## [EXERCISE INSTRUCTIONS]
Drop the images; return everything else in the listing below exactly.

## [AVAILABLE DATA]
BEGIN

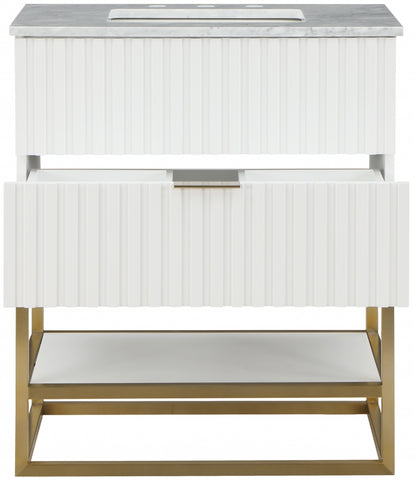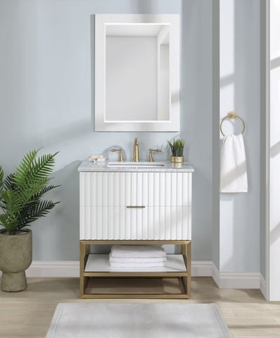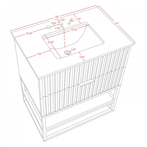 Organize your bathroom while upping your style quotient with this pretty Monad 30-inch bathroom vanity. A must for the contemporary bath, this unit features a rich white finish with birch wood veneer and a slatted design that's an instant eye-grabber. The ceramic sink is sized just right to serve it purpose without taking up too much room, and the drawer adds a convenient spot for storing bathroom necessities.
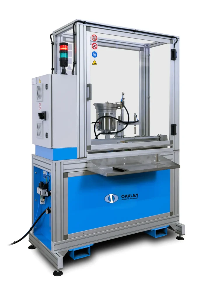 The Oakley plug to pin assembly machine is designed to rapidly assemble the plug that is normally used to seal the lower end of the elements prior to the filling operation to the lower terminal pin.
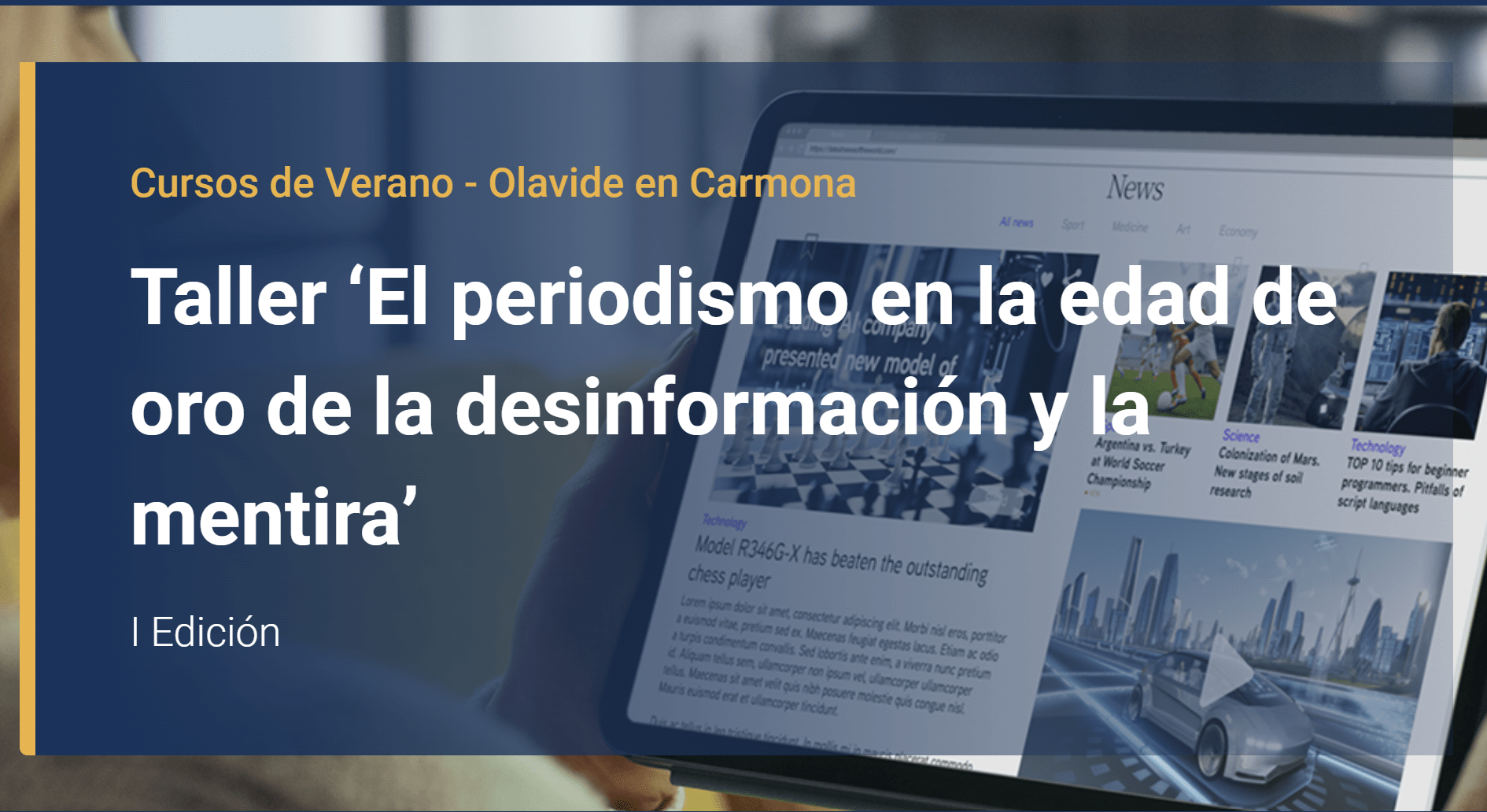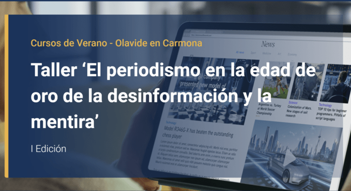 En virtud del acuerdo firmado entre la Asociación de la Prensa de Sevilla y la Universidad Pablo Olavide, diez miembros de la FAPE podrán optar de manera gratuita a la realización del taller ‘El periodismo en la edad de oro de la desinformación y la mentira’ de forma presencial o telemática, que se celebrará el martes 18 junio en la sede de la UPO en Carmona (Casa Palacio de los Briones. Calle Ramón y Cajal, 15), en sesiones de mañana y tarde.

END

## [ANSWER SPACE]
 Organize your bathroom while upping your style quotient with this pretty Monad 30-inch bathroom vanity. A must for the contemporary bath, this unit features a rich white finish with birch wood veneer and a slatted design that's an instant eye-grabber. The ceramic sink is sized just right to serve it purpose without taking up too much room, and the drawer adds a convenient spot for storing bathroom necessities.
 The Oakley plug to pin assembly machine is designed to rapidly assemble the plug that is normally used to seal the lower end of the elements prior to the filling operation to the lower terminal pin.
 En virtud del acuerdo firmado entre la Asociación de la Prensa de Sevilla y la Universidad Pablo Olavide, diez miembros de la FAPE podrán optar de manera gratuita a la realización del taller ‘El periodismo en la edad de oro de la desinformación y la mentira’ de forma presencial o telemática, que se celebrará el martes 18 junio en la sede de la UPO en Carmona (Casa Palacio de los Briones. Calle Ramón y Cajal, 15), en sesiones de mañana y tarde.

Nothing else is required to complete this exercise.